Despite urgency of euthanasia, CPC front-runners do not address issue
The Conservative leadership candidates have not focused closely on the issue of so-called Medical Aid in Dying, or MAiD (euthanasia), even though the government is debating the expansion of euthanasia through Bill C-7. The two supposed front-runners, Peter MacKay and Erin O’Toole have not addressed the issue. Derek Sloan vowed to “Extend the official review of Euthanasia/MAID legislation to ensure the strongest safeguards for the most vulnerable.” Leslyn Lewis said: “I will stop the expansion of new categories for Medically Assisted Death.”
One of the problems with euthanasia is that people debate the issue based on theory rather than reality and since everyone wants freedom, choice, and autonomy, the arguments against euthanasia tend to be weak. But the reality is that legalizing MAiD gave doctors and nurse practitioners, literally the right to kill their patients.
Even if the Conservative leaders are afraid of addressing the issue, the concerns with Bill C-7 are easier to address. Bill C-7 is the federal government’s response to the Quebec Truchon court decision that came down in September 2019. What does Bill C-7 do?
- Bill C-7 removes the requirement in the law that a person’s natural death be reasonably foreseeable to qualify for assisted death, meaning, people who are not terminally ill can die by euthanasia. The Quebec court Truchon decision only required this amendment to the law, but Bill C-7 goes further.
- Bill C-7 permits a doctor or nurse practitioner to lethally inject a person who is incapable of consenting, if that person was previously approved for assisted death. This contravenes the Supreme Court of Canada Carter decision which stated that only competent people could die by euthanasia.
- Bill C-7 waives the ten-day waiting period if a person’s natural death is deemed to be reasonably foreseeable. Thus a person could request euthanasia on a “bad day” and die the same day. Studies prove that the “will to live” fluctuates.

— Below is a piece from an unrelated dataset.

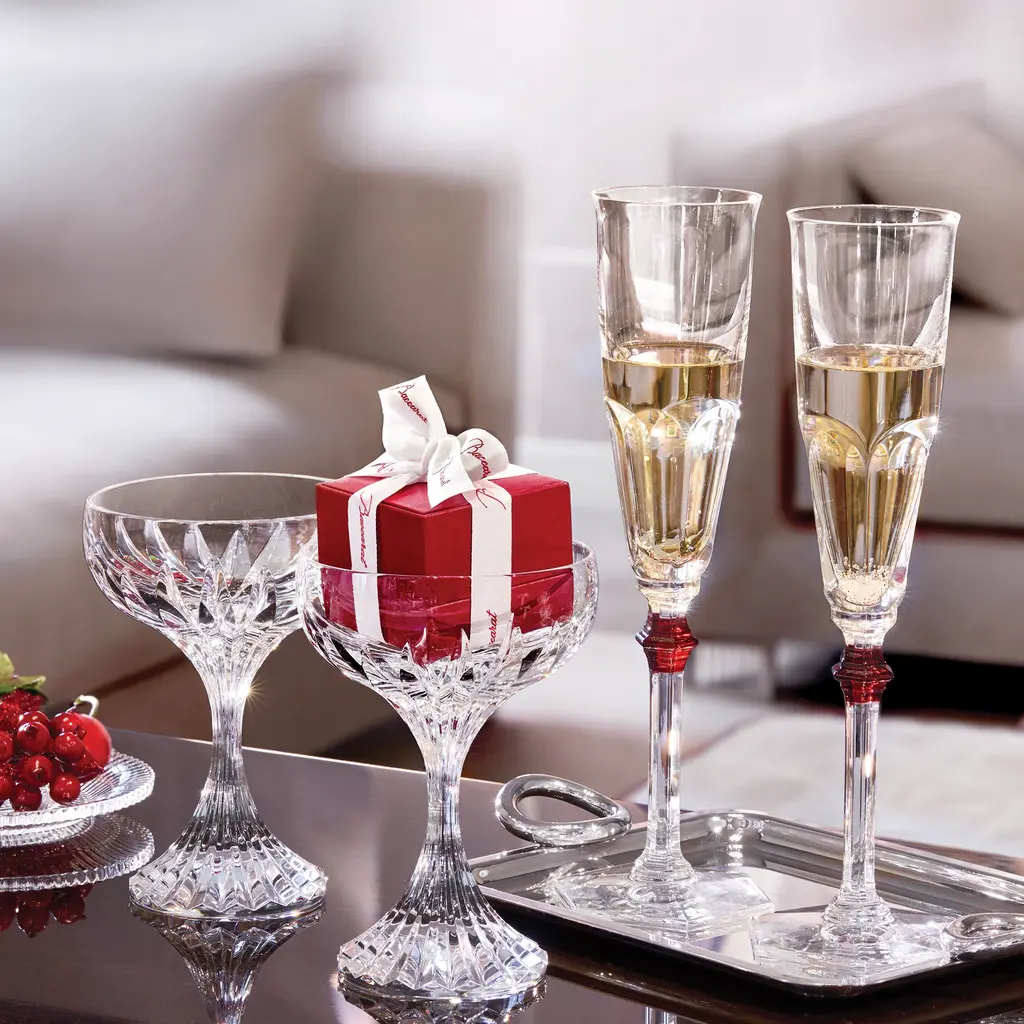 Harcourt 1841 Coupe Glasses With Red Knob, Set Of 2
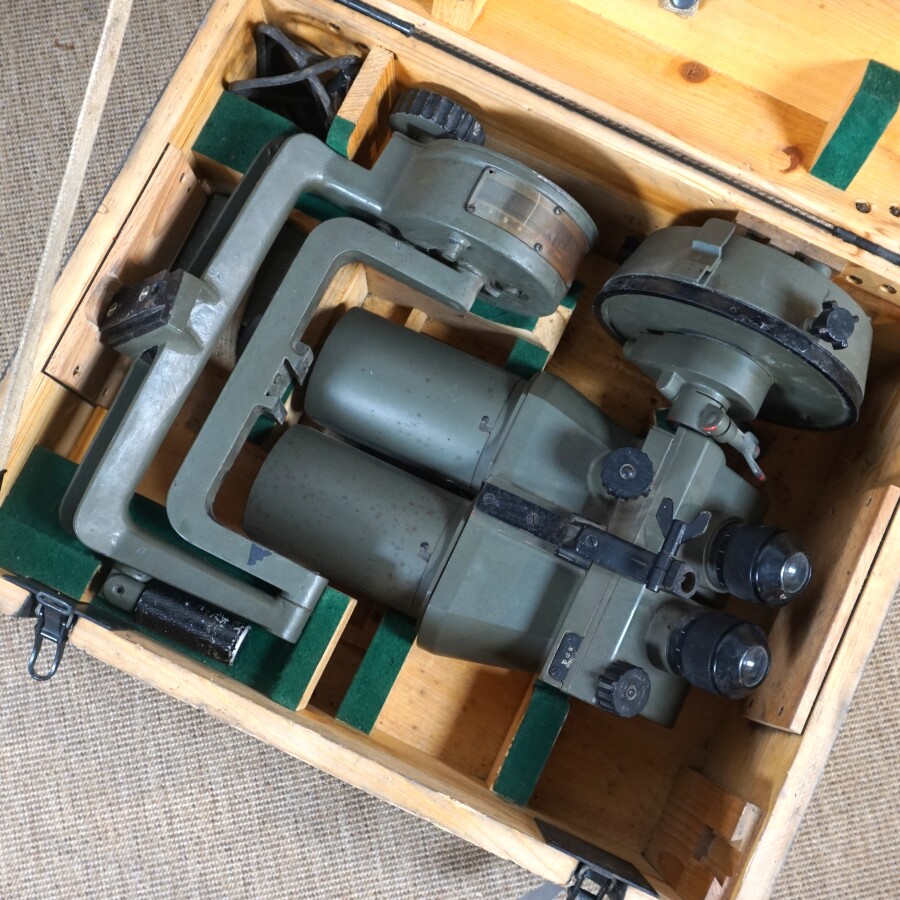ALLEMAGNE 1933-1945 - BINOCULAIRE FLAK DE MARQUE DKL, MODELE DF, numéro 45012 et aigle allemand probablement rapporté, optique " 10 x 80 ", avec trépied acier dont porte-pied (avec ses deux gamelles et chaines), CAISSE BOIS alvéolée avec accessoires dont boite à piles, pares soleil, viseur…, ABE/BE.

- Bill C-7 creates a two track law. A person whose natural death is deemed to be reasonably foreseeable has no waiting period while a person whose natural death is not deemed to be reasonably foreseeable would have a 90 day waiting period before being killed by lethal injection. The two-track nature of the law creates an inequality which will likely be struck down by a future court case.
- Bill C-7 falsely claims to prevent euthanasia for people with mental illness. The euthanasia law permits MAiD for people who are physically or psychologically suffering that is intolerable to the person and that cannot be relieved in a way that the person considers acceptable. However mental illness is considered a form of psychological suffering and psychological suffering is not defined in the law.
It is not very hard to simply oppose Bill C-7, that if passed will give Canada the most extreme euthanasia law in the world.
Alex Schadenberg is the executive director of the Euthanasia Prevention Coalition.